While searching for a home for their family, they found another house, one that was derelict and empty.

“It reminded me of an old fisherman’s house in Maine,” recalled Eiter.


Historic significance


Astoria’s first National Register Historic District encompasses much of Uniontown: a treasure trove of vernacular, or folk, architecture. The houses, sometimes referred to as “big Finn boxes,” are exceedingly simple. The most heavily ornamented houses limit their decoration to a gable end, a turned porch post or two, a handful of spindlework, and perhaps a special window. The houses have a timeless beauty in their austerity.

By 1902, Carl, John and Oscar Berg occupied just such a home on Lincoln Street. Carl and John were fisherman. Oscar constructed boats for the Tallant-Grant Packing Co. Their house stood in a tightly packed neighborhood (some lots were as narrow as 25-feet). Each house claimed a ledge on the terraced hillside. Below them, wooden streets spread over the water, connecting a seemingly endless view of fish canneries and net lofts.


Removing layers


“When I purchased the house,” recalled Eiter, “it was in such disarray it was hard to deal with…. the house was covered with a hodgepodge of additions.” Eiter admits he needed days and days to sort things out. “It took two days just to find the water cut-off,” he lamented.

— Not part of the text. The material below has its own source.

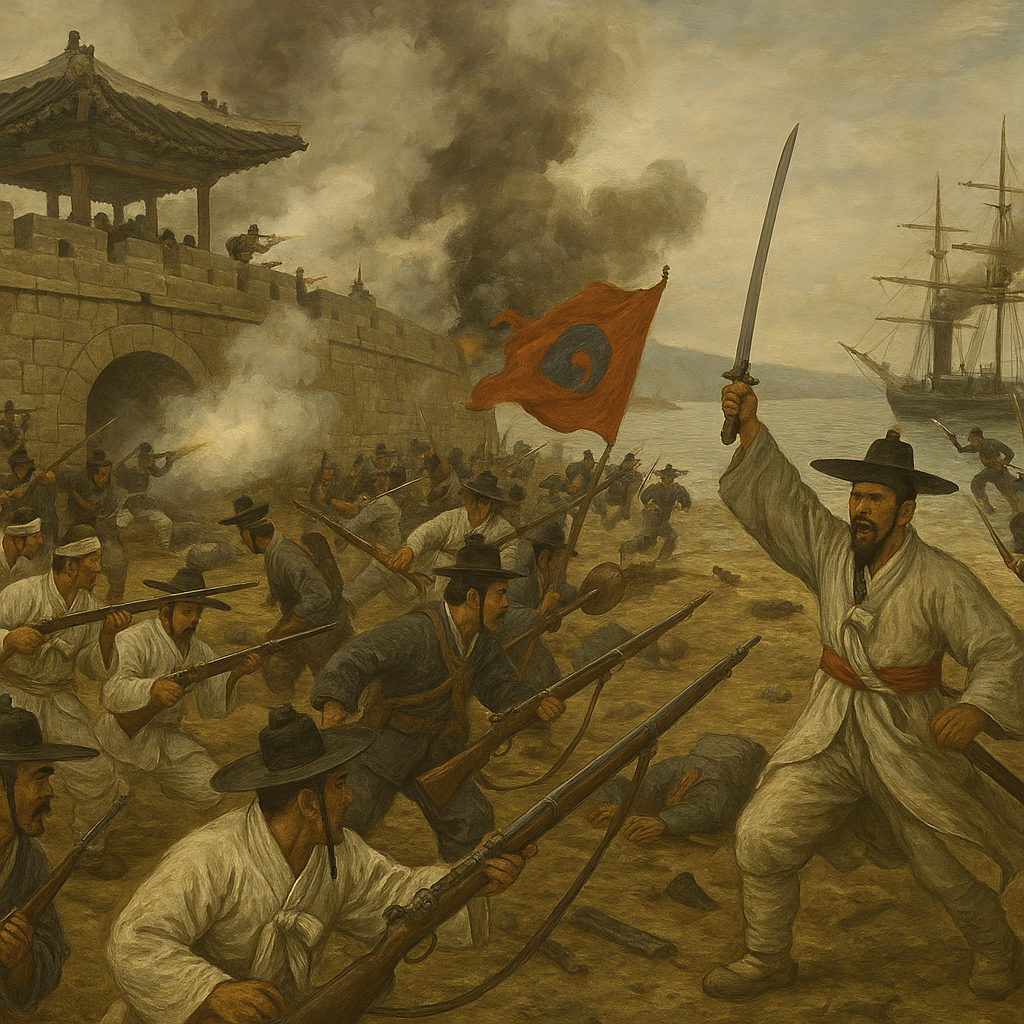 1871년, 고요했던 강화도 앞바다에 검은 연기를 내뿜는 낯선 함선들이 나타났습니다. 조선은 그때까지 경험하지 못했던 전혀 다른 세계의 강대국, 미국과 처음으로 정면 충돌하게 됩니다. 병인양요나 갑오개혁 같은 굵직한 사건들 사이에서 상대적으로 덜 조명받는 신미양요(辛未洋擾)는 그러나, 조선이 근대 세계 질서에 처음으로 직접 맞선 충격적인 순간이었습니다. 이 사건은 단순히 외세의 침략에 맞선 방어전을 넘어, 쇄국 정책을 고수하려 했던 조선의 굳건한 의지와, 변화의 물결을 막아보려 했던 마지막 몸부림을 상징합니다. 이제 그 역사적 현장으로 들어가, 두 세계가 충돌했던 그날의 이야기를 깊이 들여다보고자 합니다.
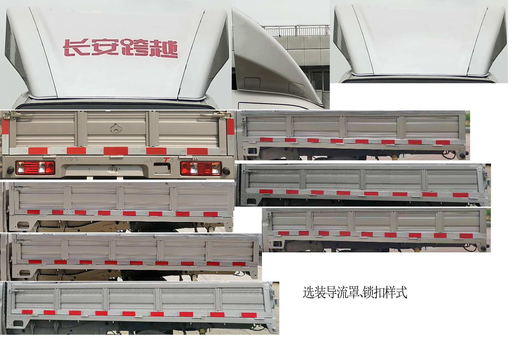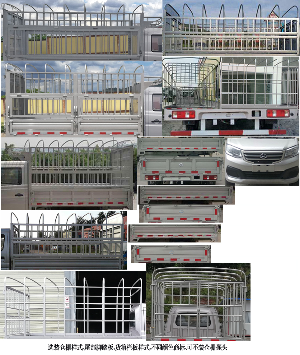| 备注 | 1.选装部件:仓栅样式,锁扣样式,尾部脚踏板,MP5,倒车可视,导流罩,电动门窗,中控锁,空调,货箱栏板样式,选装不同颜色商标,可不装仓栅探头.2.LJ469Q-AEB发动机对应油耗值为6.7L/100km,最大净功率为62kW.3.货箱底板至仓栅顶部高度为1550时整车高度为2390.4.ABS控制系统型号/生产企业/控制方式:YF8/武汉元丰汽车电控系统有限公司/四通道式. | ||

Eiter started renovating the first floor four months ago, focusing on cosmetic work such as painting and refinishing the floors. However, he realized renovating the living space would have to wait. The basement and exterior needed immediate attention.

At some point, the basement was cobbled into living units. He discovered interior and exterior walls soaked with moisture in the barely finished space. “I started to demolish the basement (walls) just to allow air to flow through again,” said Eiter. This summer, he’ll further reduce moisture by tending to the uphill side of his house. There, the hillside slumped onto the building’s skirting. Eiter plans to remove the dirt, apply new skirting and install gravel drainage.


Receiving grant funds


This year, the City of Astoria applied for, and received, $11,000 from Oregon’s State Historic Preservation Office. Designated as a “pass through” for residential façade improvement, the City is focusing on homes in the Uniontown-Alameda Historic District. City planner, Nancy Ferber, said there was an interest to help homeowners with costly preservation projects to “retain the character of our neighborhoods.”

Eiter and Barna were among four applicants who applied for and received the first-come, first-served, matching grant. Eiter will use the grant to purchase materials for a variety of exterior projects including the repair and restoration of siding, windows and doors. He will also reconstruct wooden stairs: 33 from the street to the front yard, and an additional 17 to the home’s first floor.


Importance of preservation


“I like doing the work,” said Eiter who appreciates the challenge ahead. “Part of my life change is trying to make this into a living…. it’s a lot of trial by fire,” he contends.

He is encouraged by the steady transformation of his historic building. “Just seeing the change… the house was empty and abused,” asserts Eiter. “.… it just needs TLC, somebody to care about it.”

“I don’t think this house is ready to fall apart,” he added.